Item Region-based Style Classification Network (IRSN): A Fashion Style Classifier Based on Domain Knowledge of Fashion Experts

Fashion style classification is a challenging task because of the large visual variation within the same style and the existence of visually similar styles. Styles are expressed not only by the global appearance, but also by the attributes of individual items and their combinations. In this study, we propose an item region-based fashion style classification network (IRSN) to effectively classify fashion styles by analyzing item-specific features and their combinations in addition to global features. IRSN extracts features of each item region using item region pooling (IRP), analyzes them separately, and combines them using gated feature fusion (GFF). In addition, we improve the feature extractor by applying a dual-backbone architecture that combines a domain-specific feature extractor and a general feature extractor pre-trained with a large-scale image-text dataset. In experiments, applying IRSN to six widely-used backbones, including EfficientNet, ConvNeXt, and Swin Transformer, improved style classification accuracy by an average of 6.9% and a maximum of 14.5% on the FashionStyle14 dataset and by an average of 7.6% and a maximum of 15.1% on the ShowniqV3 dataset. Visualization analysis also supports that the IRSN models are better than the baseline models at capturing differences between similar style classes.

💡 Research Summary

The paper tackles the long‑standing challenge of fashion style classification, where large intra‑class visual variance and subtle inter‑class similarities make pure global‑appearance models insufficient. Drawing on the observation that fashion experts judge style not only by the overall silhouette but also by the attributes of individual garments and their combinations, the authors propose the Item Region‑based Style Classification Network (IRSN).

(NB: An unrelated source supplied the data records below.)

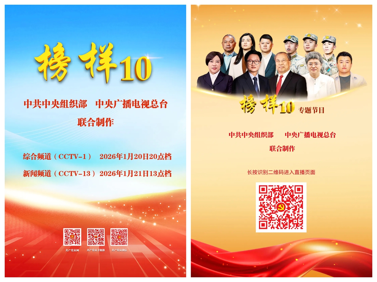 该节目将于2026年1月20日在中央电视台综合频道(CCTV-1)晚间8点档首播,1月21日在中央电视台新闻频道(CCTV-13)13点档重播,在共产党员网(www.12371.cn)、共产党员手机报(12371.people.com.cn)、共产党员微信(gcdyweixin)、全国党员干部现代远程教育专用频道集中展播。共产党员网首页提供节目下载。请学习收看。
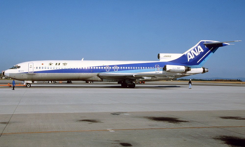 JA-8353. All Nippon Airways - in the standard livery at Nagoya Airport, December 1989. (R. N. Smith Collection Copyright Image 4610-257.) |
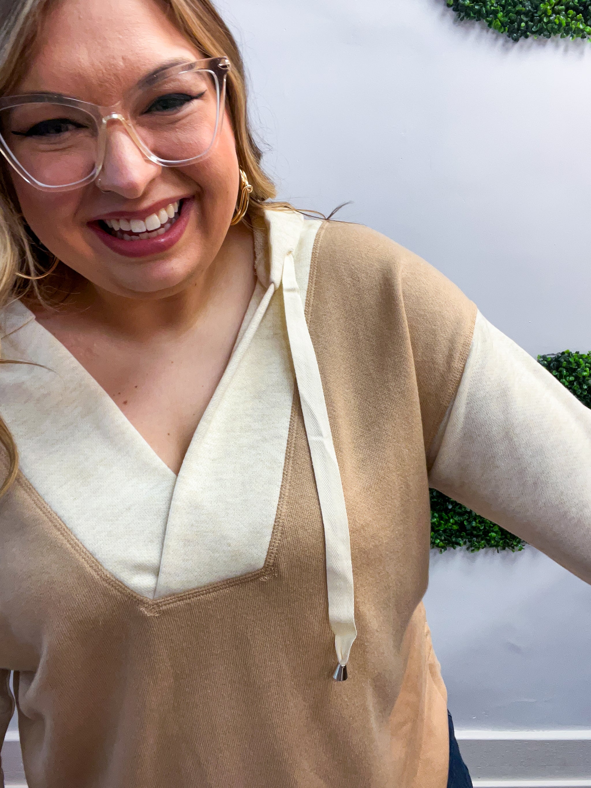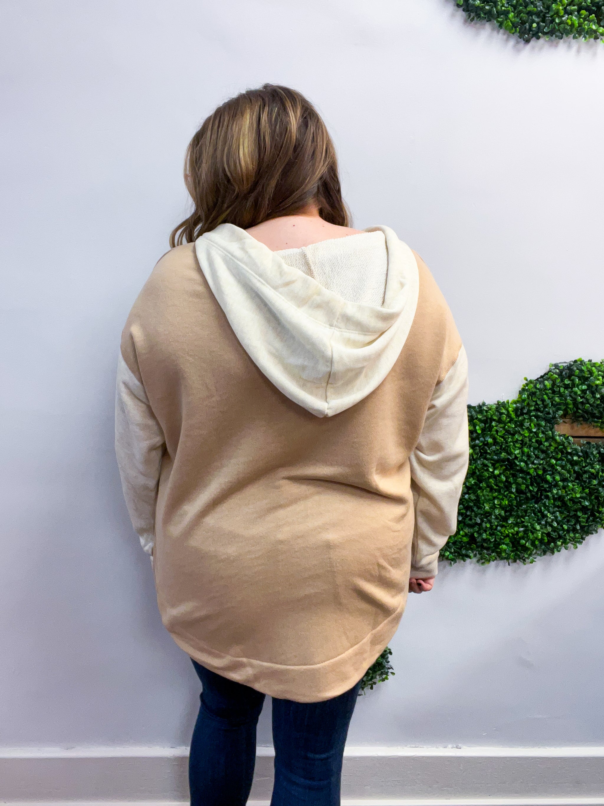 The Warm Embrace Hoodie is the definition of cozy meets cute. With its soft oatmeal and camel color block design, it’s like wrapping yourself in a wearable hug—warm, comfy, and effortlessly stylish. The notched neckline adds a relaxed touch, while the drawstring hood and oversized fit make it perfect for laid-back days that still call for a little polish.
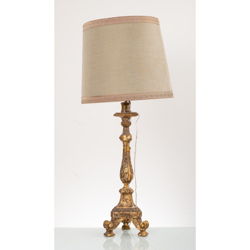 Torciere Luigi XVI in legno dorato ad argento a mecca con paralume (elettrificato).

IRSN consists of three main components. First, an item‑region detector isolates predefined garment parts (e.g., top, bottom, shoes, accessories). For each region, Item Region Pooling (IRP) extracts a fixed‑size feature map using an RoI‑Align‑like operation, followed by a small dedicated MLP head that produces an item‑specific embedding. Second, two parallel feature extractors form a dual‑backbone architecture. One backbone is a domain‑specific CNN (e.g., EfficientNet, ConvNeXt) fine‑tuned on fashion data to capture fine‑grained texture, pattern, and color cues. The other backbone is a general‑purpose vision encoder pre‑trained on a massive image‑text dataset (CLIP‑style), providing rich semantic context. Both outputs are projected to a common dimensionality and fed into a Gated Feature Fusion (GFF) module. GFF learns a sigmoid‑based gate per channel, dynamically weighting the contribution of global versus item embeddings, thereby encouraging complementary use of the two information streams.

The training objective combines standard cross‑entropy with label smoothing and an auxiliary regularizer that promotes consistency among item embeddings belonging to the same style, helping the network distinguish subtle combinations such as “jeans + t‑shirt” versus “jeans + shirt”.

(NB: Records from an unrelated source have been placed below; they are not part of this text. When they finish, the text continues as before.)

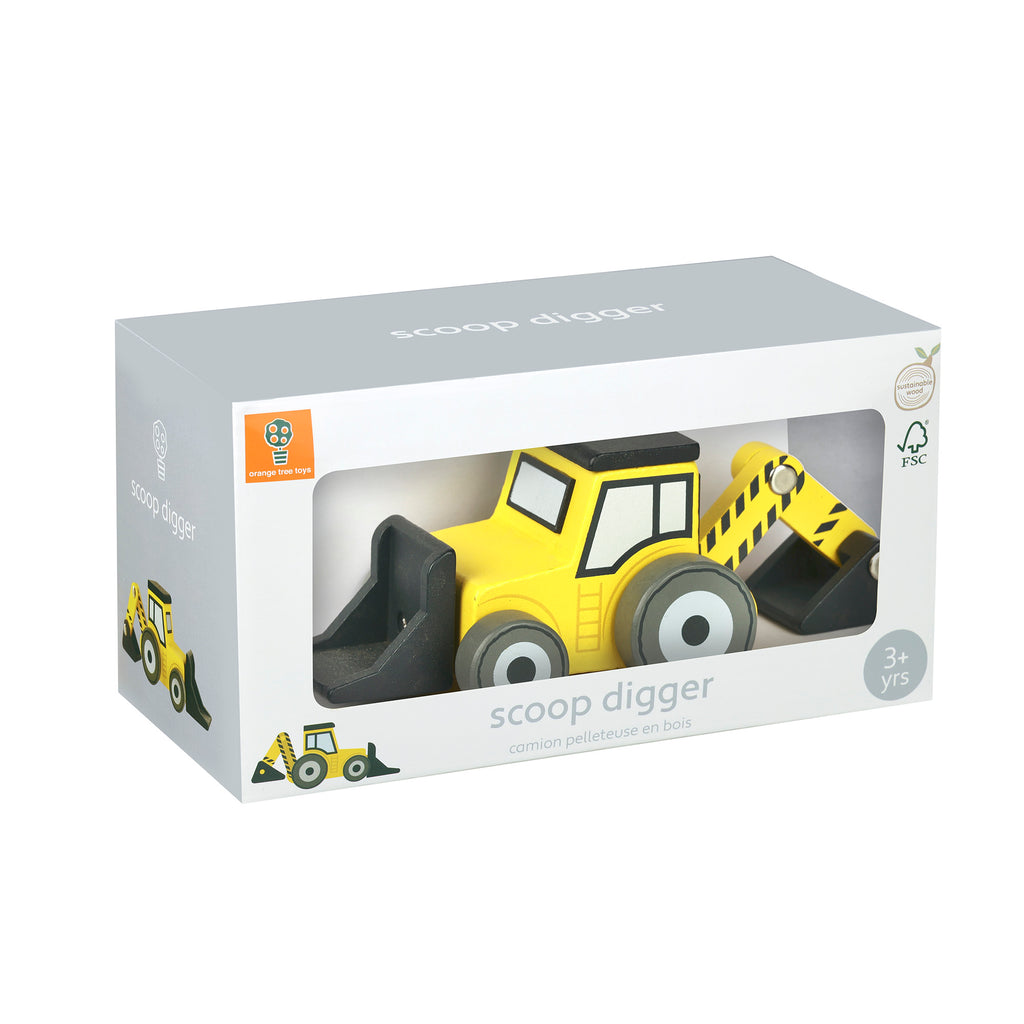 Little builders will love this sturdy wooden scoop digger. This scoop digger is perfect for imaginative play, developing motor skills, adding fun to any construction adventure.
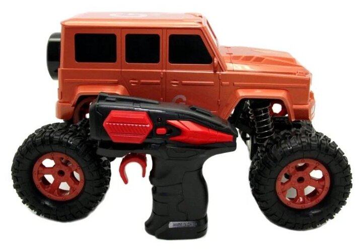 Отзывы на Радиоуправляемая машинка внедорожник на высокой подвеске, масштаб 1:14, качественный пластик и детализация, амортизаторы, управление от Пульта ДУ (в комплекте), дальность около 20 метров, питание от батареек тип "АА" (4шт -машинка, 2 шт -ПДУ)
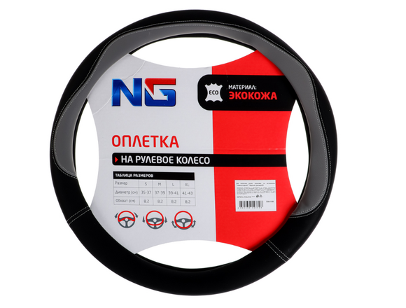 Оплетка руля, экокожа, со вставками "темно-серый", черный, размер М NG (1/25)
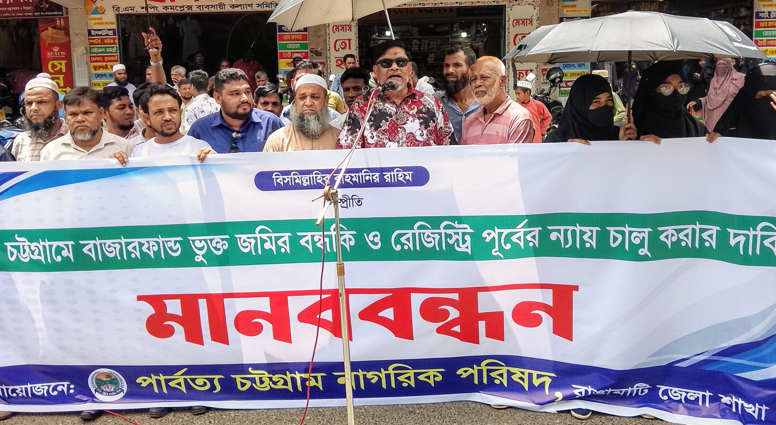 পার্বত্য চট্টগ্রামে বাজারফান্ড ভুক্ত জমির বন্ধকি ও রেজিস্ট্রি কার্যক্রম পূর্বের ন্যায় চালু করার দাবিতে রাঙামাটিতে মানববন্ধন করেছে পার্বত্য চট্টগ্রাম নাগরিক পরিষদ

Extensive experiments were conducted on two large‑scale benchmarks: FashionStyle14 (14 styles, ~30 k images) and ShowniqV3 (30 styles, >100 k images). IRSN was grafted onto six state‑of‑the‑art backbones, including EfficientNet‑B0, ConvNeXt‑Base, and Swin‑Transformer‑Tiny. Across both datasets, IRSN consistently outperformed the vanilla backbones, delivering average accuracy gains of 6.9 % (FashionStyle14) and 7.6 % (ShowniqV3), with peak improvements of 14.5 % and 15.1 % respectively.

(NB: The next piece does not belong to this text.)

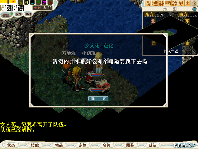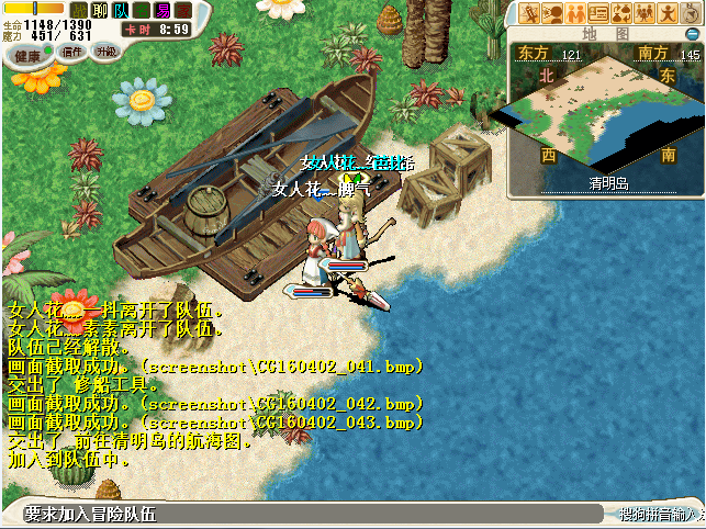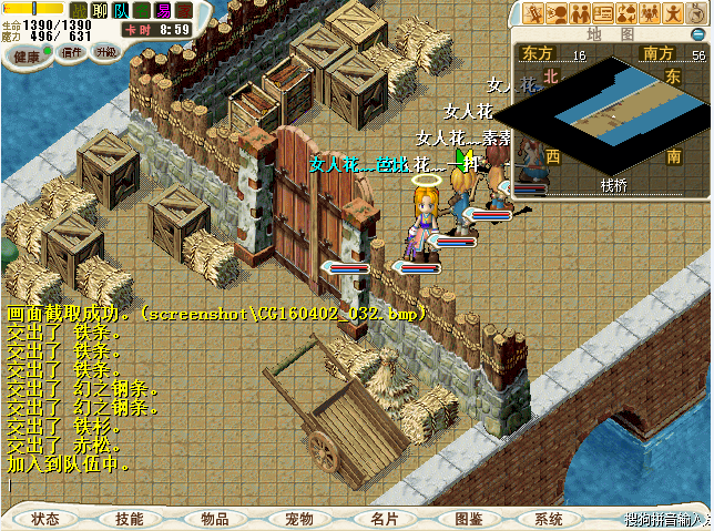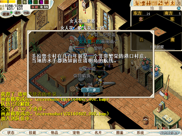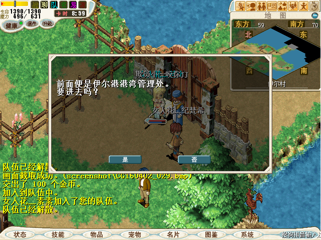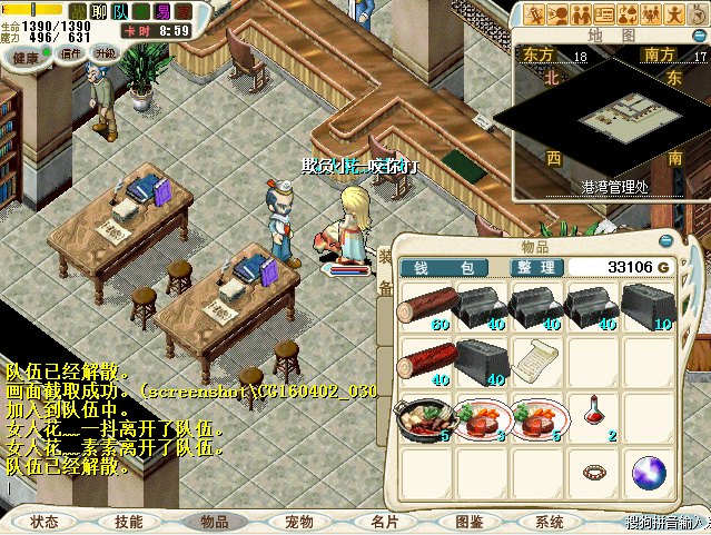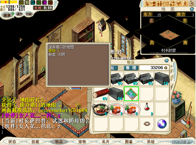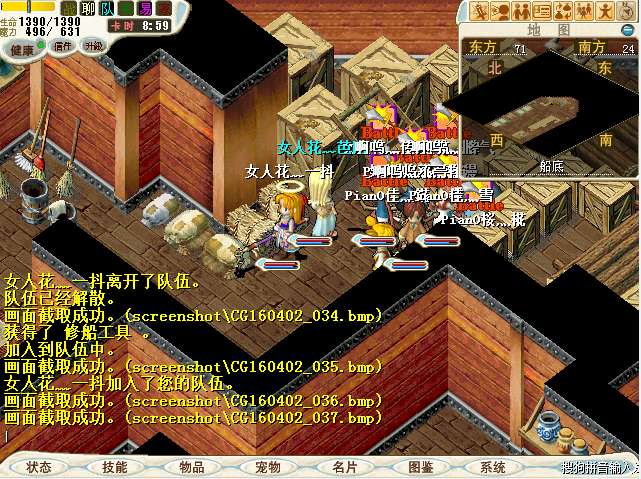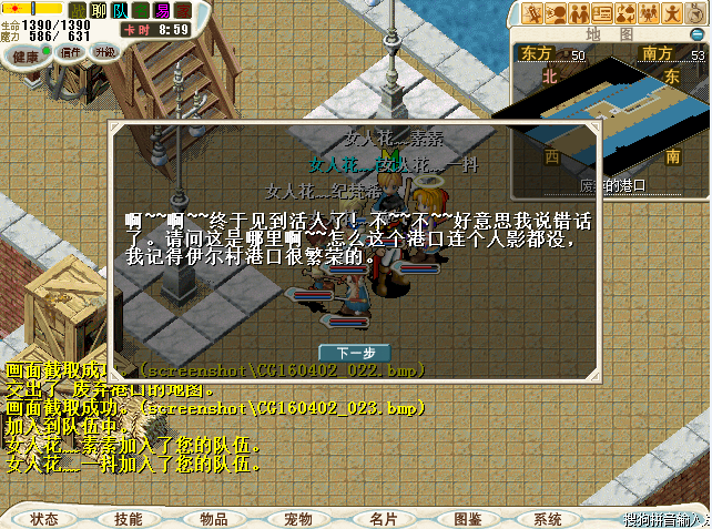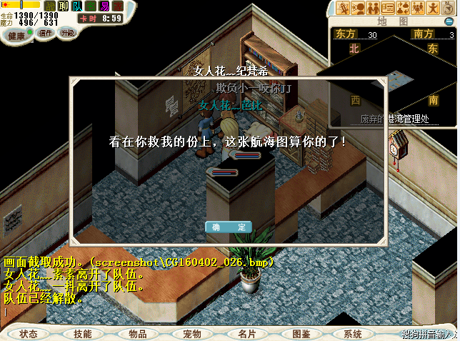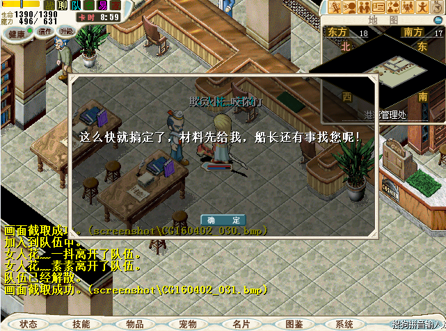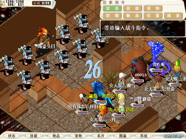 7、在港口管理处找到助手加尔(28.4)后遇到海盗进入战斗(海盗头目55级,小怪25级,无难度,人群攻、宠合击就行了)
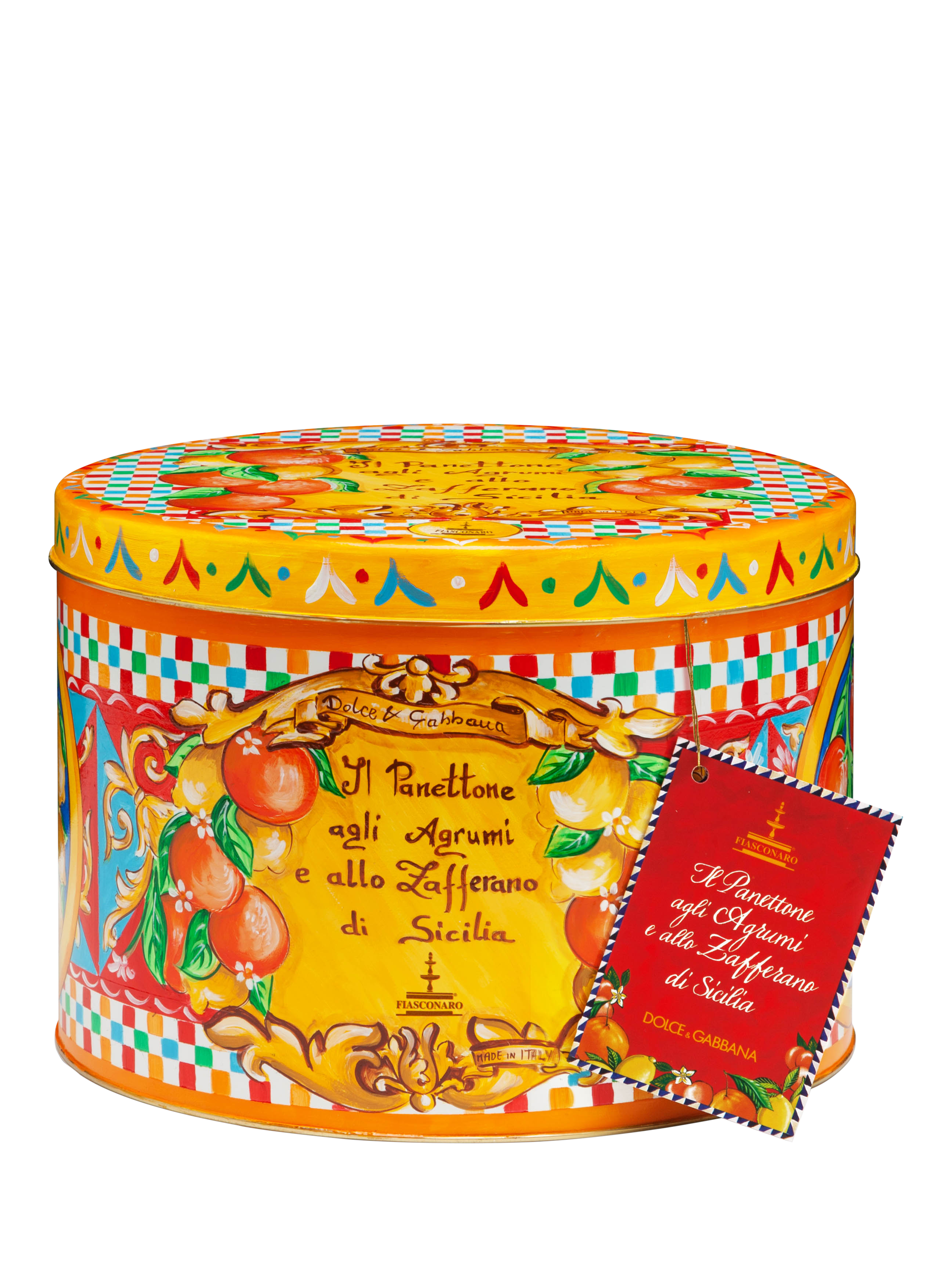 Panettone cake with Sicilian candied citrus and saffron, without raisins. Presented in an elegant tin designed by Dolce & Gabbana.

Qualitative analysis using Grad‑CAM visualizations shows that IRSN focuses on discriminative item regions (e.g., shoes, accessories) when differentiating visually similar styles such as “street” and “casual,” whereas baseline models rely mainly on the overall silhouette. This confirms that the item‑level representations and their gated fusion are indeed responsible for the performance boost.

Key contributions are: (1) a novel architecture that explicitly models item‑region features and their combinations, (2) a dual‑backbone scheme that merges domain‑specific fine‑tuned CNNs with large‑scale vision‑language pre‑training, (3) empirical evidence of consistent gains across multiple modern backbones, and (4) interpretability results that align with fashion expert reasoning.

Future work suggested includes integrating more accurate pose‑guided segmentation for item detection, extending the framework to multimodal style description generation, and exploring style‑aware generative models for virtual try‑on or recommendation systems. The proposed IRSN thus offers a practical, scalable solution for real‑world fashion applications such as e‑commerce search, personalized styling assistants, and automated cataloging.